In September, 1953, a full-term young multigravida came to Emergency Room (ER) at Parkland hospital, University of Texas with acute right lower quadrant pain. She became pale and sweated profoundly whenlying supine on the examining table. Her blood pressure (BP) was unmeasurable and her pulse was 160 beats per minute (bpm). Her BP was 120/70 mmHg on arrival at the hospital. It was felt that the patient had a ruptured uterus and immediate laparotomy was performed. A normal intrauterine term pregnancy was found and a living baby was born. What caused this woman's preoperative shock? A few days later, another pregnant woman presented to ER with BP 65/40 mmHg when lying flat. But, unlike the previous patient, she insisted on turning to her side. Her BP rose to 132/80 mmHg after her turning. She was asked to return to supine position. A few minutes later, her BP dropped to 60/35 mmHg. Again she refused to remain supine and insisted on turning to her side. These are the 2 cases Dr. Howard et al. presented first in their 1953 paper [1].
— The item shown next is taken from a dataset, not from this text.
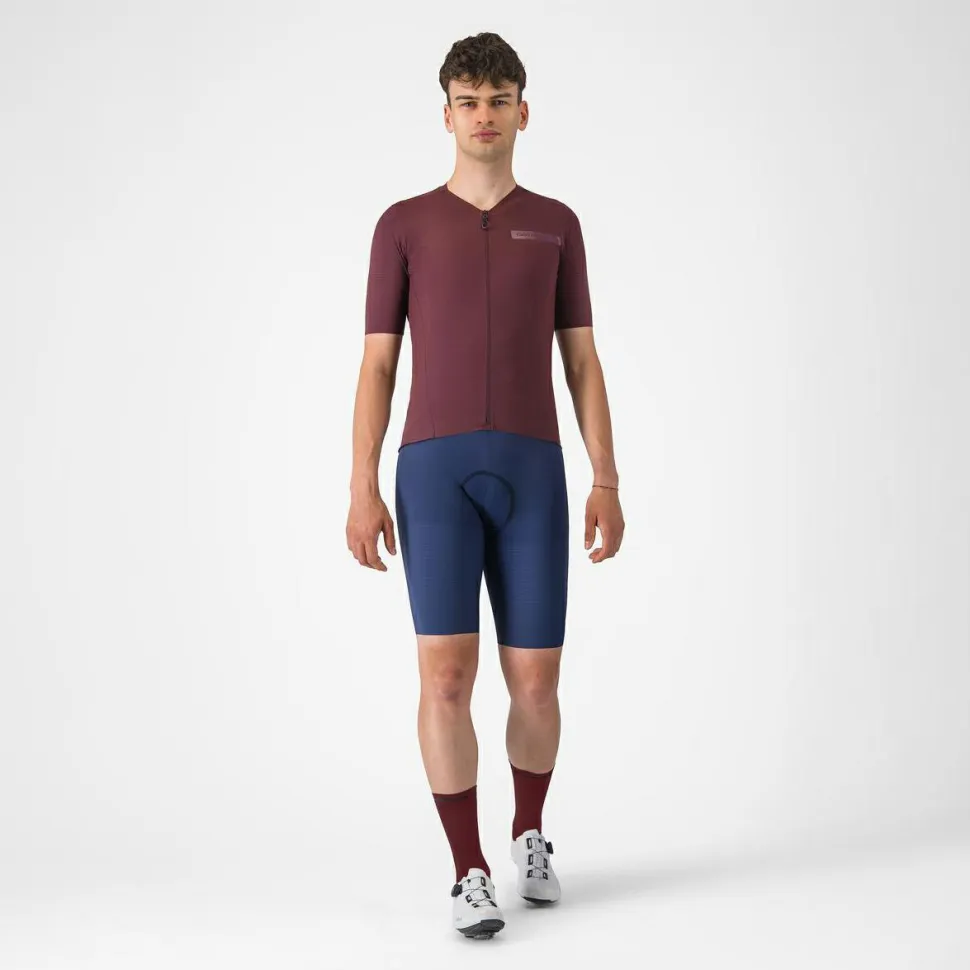 Das Premio Evo Jersey von Castelli ist ein aerodynamisches Radtrikot, das speziell für schnelle Biker entwickelt wurde. Mit einem durchgehenden Front-Reißverschluss bietet es Dir die Möglichkeit, die Belüftung und Temperatur während der Fahrt einfach zu regulieren. Die enganliegende Passform sorgt für eine aerodynamische Silhouette, die den Luftwiderstand minimiert und Deine Geschwindigkeit erhöht. Reflektierende Details erhöhen Deine Sichtbarkeit bei schlechten Lichtverhältnissen und verbessern somit Deine Sicherheit. Diese durchdachten Funktionen machen das Trikot zu einem unverzichtbaren Begleiter für jeden Radfahrer, der Wert auf Komfort und Leistung legt.

Actually, in the early 1930s, Gideon Ahltorp, a Sweden obstetrician, reported that women suffered symptoms of shock when they lay flat in late pregnancy [2]. It has been noticed that pregnant women have elevated venous pressure in their lower extremities [3] and lowered arterial pressure when they are on supine position [4]. Ahltorp concluded that the "cardiac insufficiency" only occurred when the gravid uterus lay on the posterior wall of the abdomen and suggested that either pathologic elevation of the diaphragm, occlusion of the inferior vena cava (IVC), or a "utero-cardiac neurologic reflex" causing the shock syndrome. Later, many case of "supine hypotension during pregnancy" were reported [5, 6]. However, Howard's group was the first to coin the term "supine hypotensive syndrome" and published their study on dogs and humans in English language literature [1]. They found that 11.2% (18/160) of pregnant women at term had this "supine hypotensive syndrome" (systolic BP decreased 30% of baseline or observed value was 80 mmHg or less) and the shock symptoms occurred 3-7 minutes after the patients lay on their backs. Since compression on the IVC must cause elevation of femoral venous pressure, Howard et al. measured femoral venous pressure of term pregnant women and showed that the femoral venous pressure elevated significantly (average 24 cm H2O) only while the women lay supine.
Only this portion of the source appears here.